I don't know how to reproduce the problem, either. netlink sockets
should not block like that.

r45047 looks correct. A few minor comments:

backwards for loop for list is confusing to me,
any reason for not reversing list declaration?
why xmalloc + MEMZERO? xcalloc is shorter and generates smaller code

Updated by kosaki (Motohiro KOSAKI) almost 12 years ago Actions
Copy link
#17 [ruby-core:60898]

Status changed from Third Party's Issue to Closed
Backport changed from 1.9.3: UNKNOWN, 2.0.0: UNKNOWN, 2.1: UNKNOWN to 1.9.3: REQUIRED, 2.0.0: REQUIRED, 2.1: REQUIRED

Updated by akr (Akira Tanaka) almost 12 years ago Actions
Copy link
#18 [ruby-core:60907]

Eric Wong wrote:

backwards for loop for list is confusing to me,
any reason for not reversing list declaration?

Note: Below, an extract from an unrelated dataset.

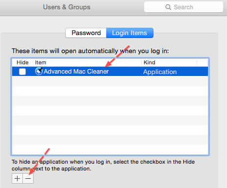 Paso 3Busque la entrada Advanced Mac Cleaner, selecciónela y haga clic en el botón "-" para eliminar el programa.

I prefer ordering consistency between "list" and "res".

why xmalloc + MEMZERO? xcalloc is shorter and generates smaller code

xcalloc is good idea.

Updated by sonots (Naotoshi Seo) almost 12 years ago Actions
Copy link
#19 [ruby-core:61276]

Akira Tanaka wrote:

Would anyone test the problem at latest trunk?

I had never ran fluentd with ruby 2.1.1, but now I am trying it.
If it works well, I will try ruby-trunk next.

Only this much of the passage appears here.